Shared Parental Leave (Overview – see Section Two for more detail)
Existing maternity rights and rights connected to ordinary paternity leave and pay will continue unchanged from April, but the new right to shared parental leave (SPL) comes into force then. SPL allows parents to share leave in the first year after their child’s birth or adoption. Employees will only be eligible if their child is born / placed for adoption after 5th April this year. The leave is in addition to the right to “ordinary” parental leave. Additional Paternity Leave is abolished.
Here is a summary of the key points.
- Up to 50 weeks’ leave and 37 weeks’ pay can be shared between the parents if the mother brings her maternity leave and pay to an end early. Shared PL is calculated by deducting the number of weeks’ maternity leave taken or the leave curtailment date from 52. The first two weeks of Maternity Leave are compulsory leave and cannot be worked.
- The available shared parental pay is calculated by deducting the number of weeks’ statutory maternity pay the mother has received or the leave curtailment date from the 39 weeks of Statutory Maternity Pay.
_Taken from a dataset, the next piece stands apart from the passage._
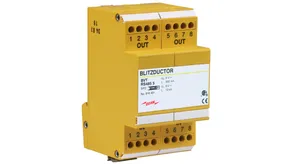 Energy coordinated combined arrester for protecting the voltage measuring circuit (yellow colour). Pluggable remote signalling contact (break contact) for overload indication (temperature monitoring of the discharge paths). Installation in sheet metal housing recommended. Low impulse sparkover voltage due to capacitive control.
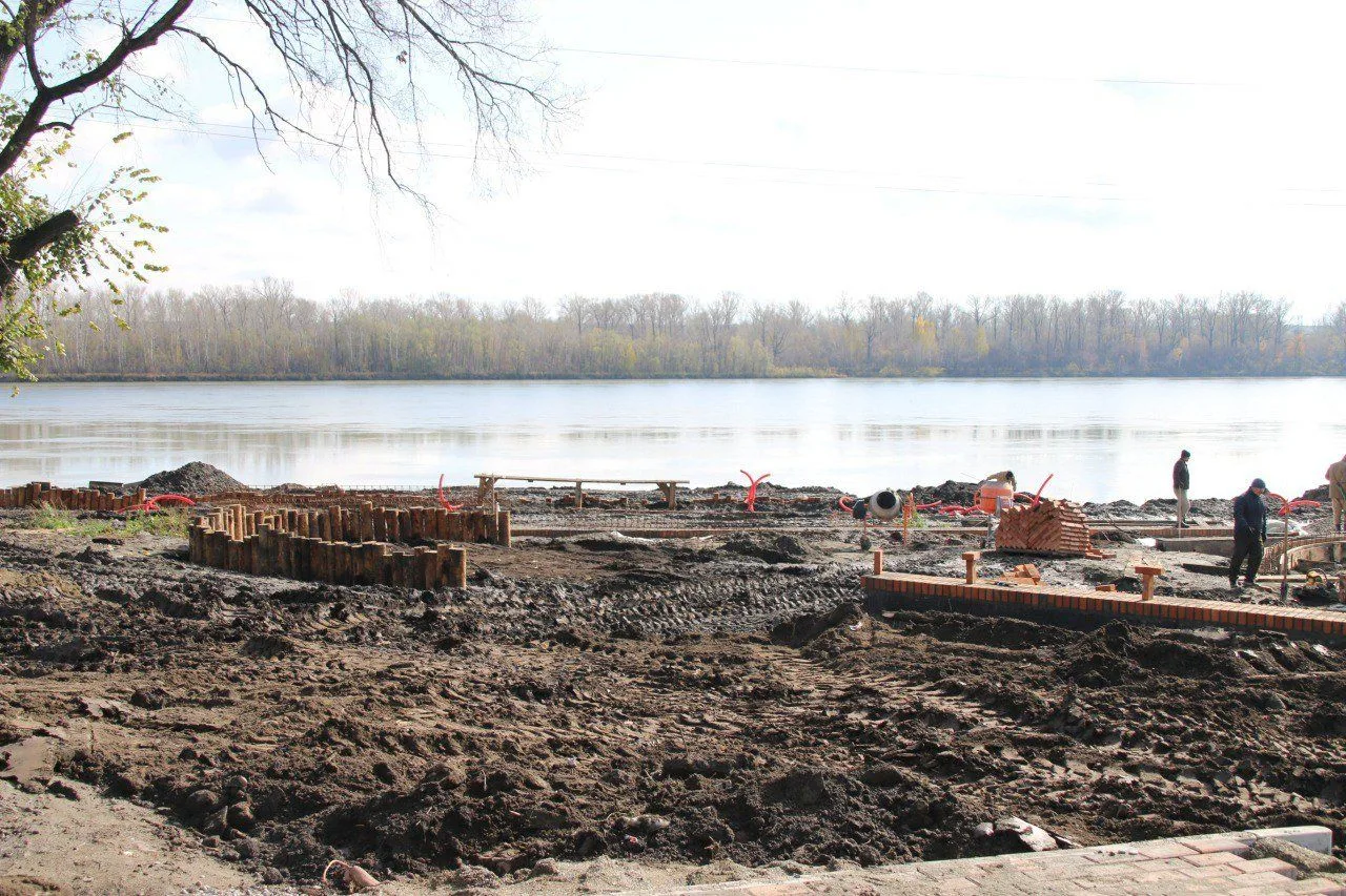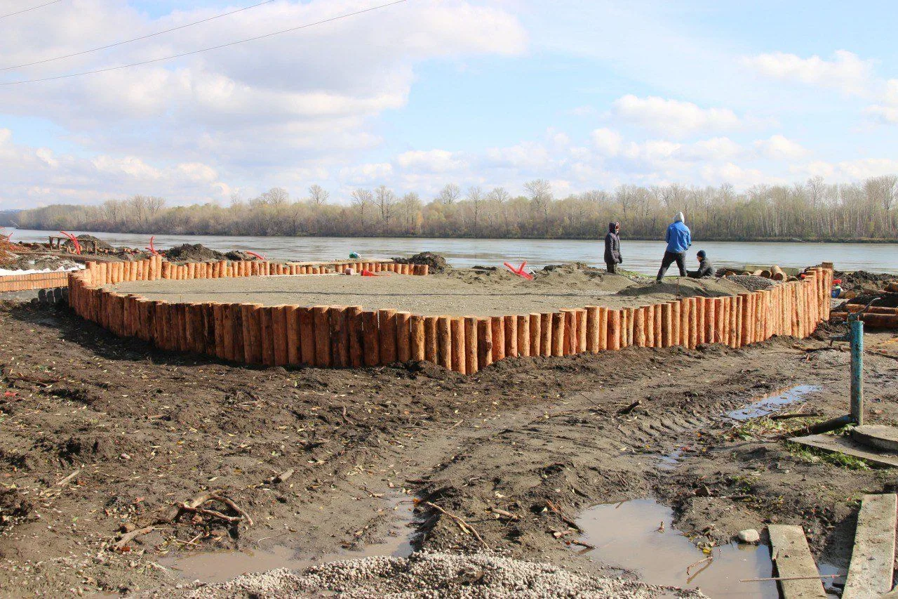 Работы находятся в активной фазе: ведётся строительство лестницы, устанавливаются каркасы, завершается монтаж свай на террасах вдоль реки.

- The partner of the employee who wants to take SPL must meet minimum work and earnings criteria for your employee to qualify for SPL. The service criterion is 26 weeks of employment or self-employment in the 66 weeks before the expected week of childbirth (EWC). The partner must also have average weekly earnings of at least £30 during 13 of those weeks.
- The employee must have 26 weeks’ service at the 15th week before the Expected Week of Childbirth to qualify, and remain in employment until the week before any period of SPL is taken.
- To qualify for shared parental pay, your employee must meet the qualifying requirements for SPL and have a partner who meets the employment and earnings test; have earned not less than the lower earnings limit (£112 per week from April) in the relevant period.
- At least eight weeks before the employee’s first period of SPL the employee must give a notice of entitlement and intention to take leave (an “opt-in notice”).
- At least eight weeks before the start of the period of SPL the employee must give the employer a “request for SPL” notice. This can be given at the same time as the opt-in notice.
- The available SPL and pay can be allocated between the parents.
- SPL must be taken in blocks of at least a week but does not have to be taken as a single period of leave and parents can elect to be on leave at the same time. Parents can put in three separate requests. If a single period of leave is requested the employee is entitled to take the leave; it cannot be refused. If more than one period of leave (discontinuous leave) is requested in the same notice the employer has 14 days in which to agree to the pattern of leave requested, refuse it or negotiate alternative dates. If alternative dates are agreed the employee can take the leave on those dates.
- An employee is entitled to cancel or request a variation of leave that has already been requested as long as the employer has at least eight weeks’ notice of the change.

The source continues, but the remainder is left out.